This project applies Graph Neural Networks (GNNs) to classify academic papers within a citation network based on their subject areas. Using the Cora dataset, we leverage GNN architectures like Graph Convolutional Network (GCN) and GraphSAGE to make predictions by learning from the citation relationships between papers.
- Project Overview
- Dataset
- Model Architecture
- Installation
- Usage
- Results
- Extensions
- Project Structure
- Contributing
- License
This project demonstrates the use of GNNs for node classification tasks, specifically focusing on predicting the subject area of academic papers in a citation network. Citation networks are modeled as graphs where nodes represent papers and edges represent citation relationships.
The project uses the Cora dataset, a popular dataset in graph-based research. It consists of:
- Nodes: Representing academic papers.
- Edges: Representing citation links between papers.
- Features: Sparse bag-of-words vectors for each paper.
- Labels: Subject areas such as Machine Learning, Data Mining, and Neural Networks.
The Cora dataset is available through libraries like PyTorch Geometric.
The project implements two main GNN architectures:
- Graph Convolutional Network (GCN)
- GraphSAGE
The GNN models follow a multi-layer structure:
- Input Layer: Initializes node features.
- GNN Layers: Performs message-passing operations to learn node embeddings.
- Output Layer: Classifies nodes into subject categories using a softmax function.
-
Clone the repository:
git clone https://github.com/yourusername/gnn-node-classification.git cd gnn-node-classification
-
Install dependencies:
- PyTorch with CUDA (for GPU support, replace
cu118
with your CUDA version):pip install torch torchvision torchaudio --extra-index-url https://download.pytorch.org/whl/cu118
- PyTorch Geometric:
pip install torch-scatter torch-sparse torch-cluster torch-spline-conv torch-geometric
- Other required libraries:
pip install scikit-learn matplotlib
- PyTorch with CUDA (for GPU support, replace
-
Run the training script:
python main.py
-
Evaluation results, including accuracy, precision, recall, and F1-score, will be displayed in the console.
-
You can visualize training loss and node embeddings using the provided code.
The trained GNN model provides metrics like accuracy, precision, recall, and F1-score for node classification on the Cora dataset. Additionally, visualizations of node embeddings (e.g., using t-SNE or PCA) and training loss are included to assess model performance.
- Experiment with different GNN architectures, such as Graph Attention Networks (GAT).
- Tune hyperparameters like learning rate, number of layers, and hidden layer size.

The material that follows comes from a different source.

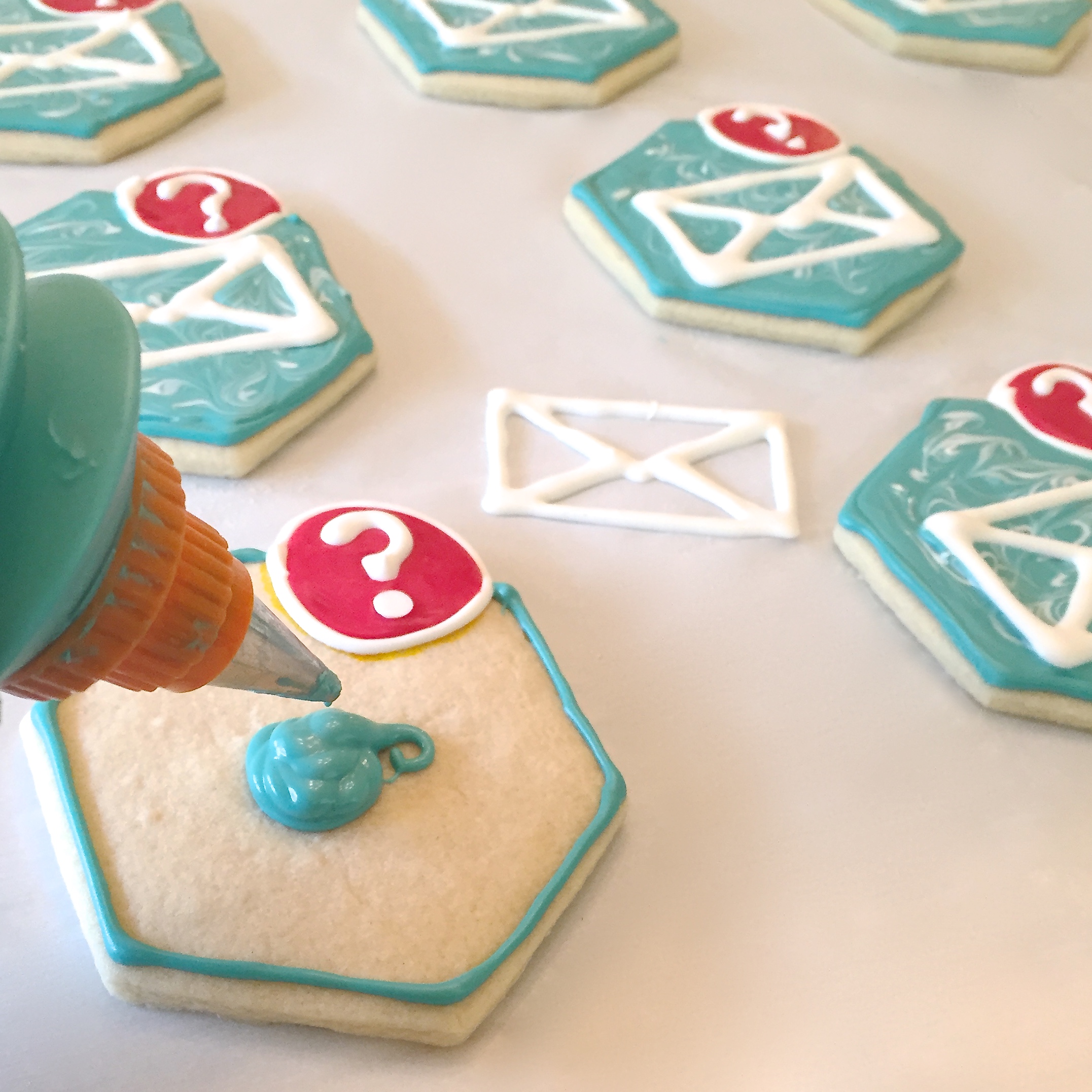 • Finally, red candy melts are piped into the circle, filling it completely. I tapped the cookie gently on the table to get rid of bubbles before gently setting a question mark in the center. This step further cements those cookie pieces together.

- Use additional datasets like PubMed or CiteSeer.
gnn-node-classification/
├── 00.Project-Description/
│ ├── Project.Description.docx # Project overview document
├── 01.Dataset-And-Code/
│ ├── data/ # Folder for storing the dataset
│ ├── main.py # Main script for training and evaluation
├── 02.Reports-And-Presentation/
│ ├── report.pdf # Detailed project report
│ ├── presentation.pdf # Project presentation slides
├── .gitignore # Git ignore file
├── README.md # Project README file
└── requirements.txt # List of dependencies
Contributions are welcome! Please submit issues or pull requests for any improvements or new features.
This project is licensed under the MIT License.